Following is a list of actions I’ve tried to no avail:
  • setpci on the MSI-X enable byte
  • Blacklisting mlx4_core, mlx4_ib and mlx4_en
  • Binding vfio-pci early through kernel parameters
  • pci=realloc=(on|off), vfio_pci.nointxmasking=(0|1), vfio_pci.disable_idle_d3=(0|1) and other kernel/module parameters
  • Updating NIC firmware
  • Unbinding, binding, rescanning in various orders
  • Playing around with relevant BIOS settings
  • Trying other distros

Additional notes:
  • I’m not interested in doing SR-IOV. I want a full passthrough of the NIC
  • I’m not interested in detaching the SMBus and letting the card continue using legacy interrupts
  • The firmware config doesn’t contain anything pertaining to MSI-X
  • The NIC lives in its own IOMMU group
  • I’m running on the Gigabyte MS03-CE0
  • lspci output is at the bottom

At one point, on a previous install of the same environment, I managed to get MSI-X to be enabled in an unbound state. That setup even worked when starting the guest. Through a series of trial and error to identify the solution, I thought I had discovered it (which was blacklisting mlx4_core and mlx4_en) and therefore decided to reinstall in order to start on a clean slate. Unfortunately, my theory was very much wrong, as proven by the difficulties I’m facing now. I won’t be repeating that mistake anytime soon, at least.

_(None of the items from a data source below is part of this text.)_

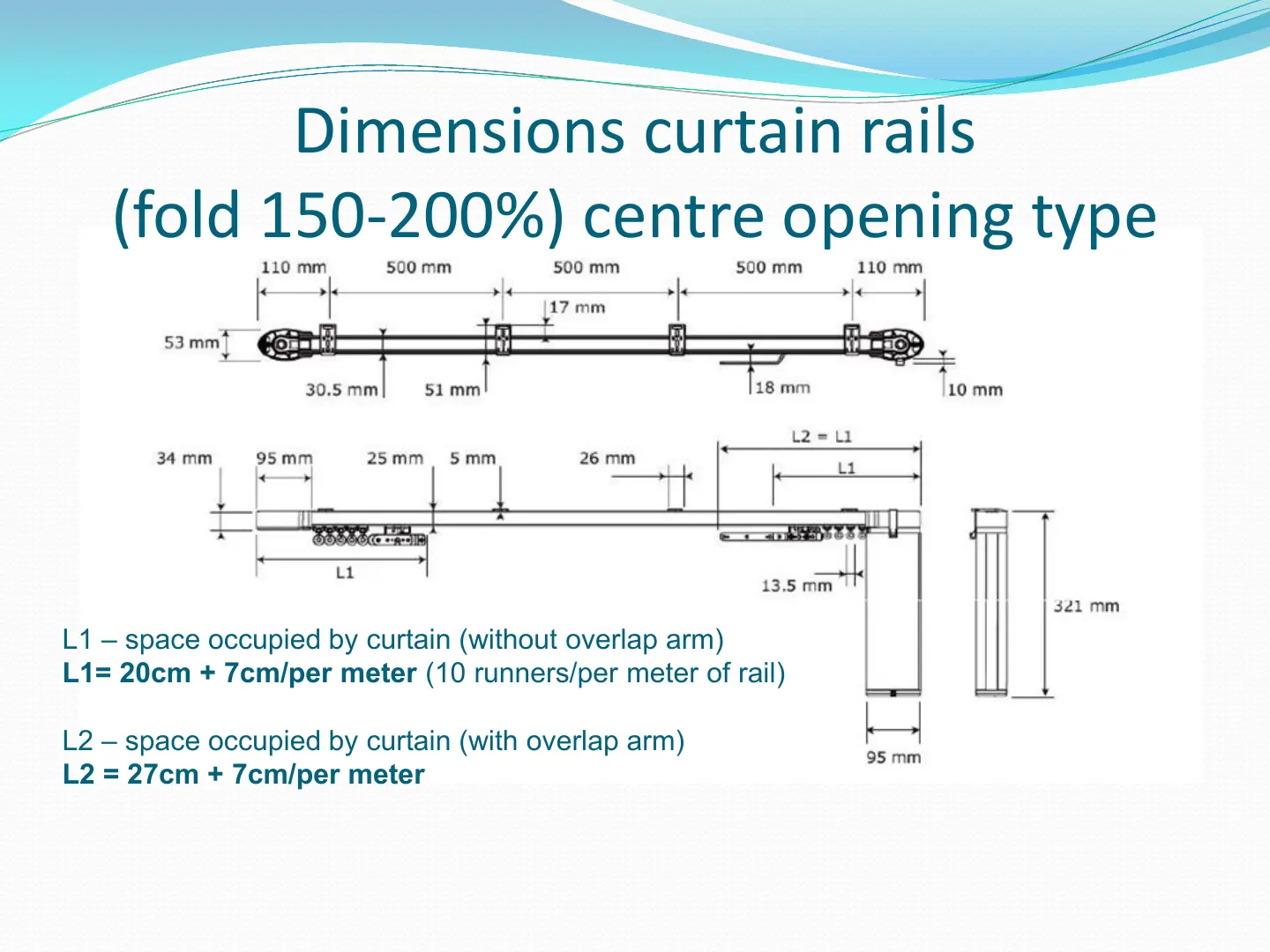 SOMFY mMotion Plus - Dimensions Curtain Rails (Fold 150-200%) Centre Opening Type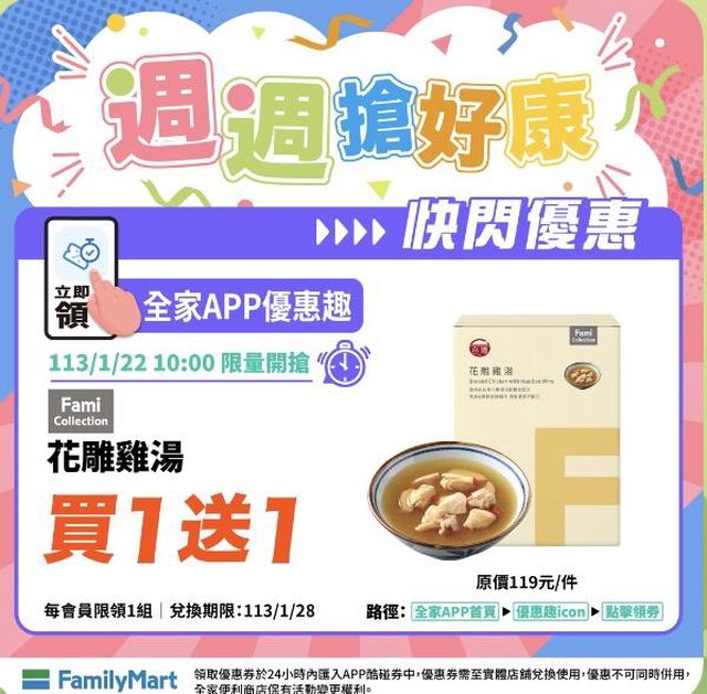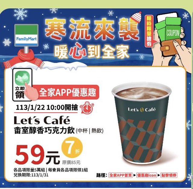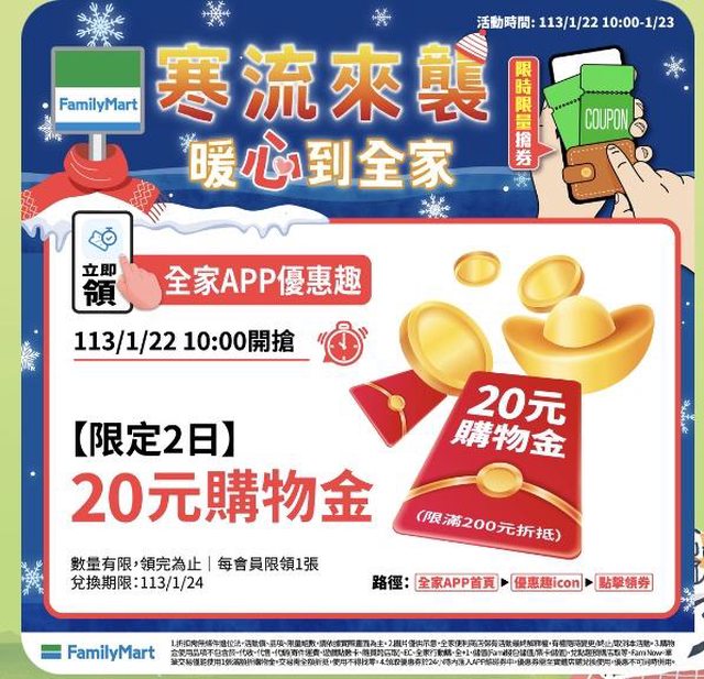 如題,參下圖(截圖出處:全家line)。 優惠券有五張:200元折20元、特定熱飲優惠價、特定商品買一送一。 https://i.imgur.com/CmMVDsR.jpg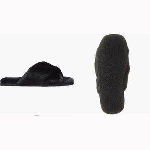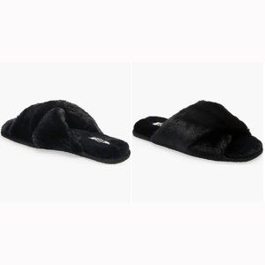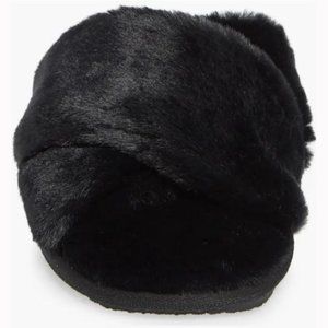 🆕 Nordstrom BP. Women's Mae Cross Strap Faux Fur Black Slippers

I assume the problem boils down to the CX-3 itself. From what I’ve gathered from various forum threads, people seem to have tons of issues both with passing through NICs, but also with this card in particular.

At the time of writing, I’m looking into the differences between how mlx4_core and vfio-pci implement MSI-X setup. This will probably lead me nowhere, but I’ve got nothing left to lose (except for buying a new NIC and calling it a day, but I ain’t a quitter).

I appreciate any and all responses that can help me figure out this issue. I’ve spent countless hours trying to fix this, and I’m not giving up until I get it working. If there are any details that I’ve missed, I’m more than happy to provide them.

Code:
05:00.0 Ethernet controller: Mellanox Technologies MT27500 Family [ConnectX-3]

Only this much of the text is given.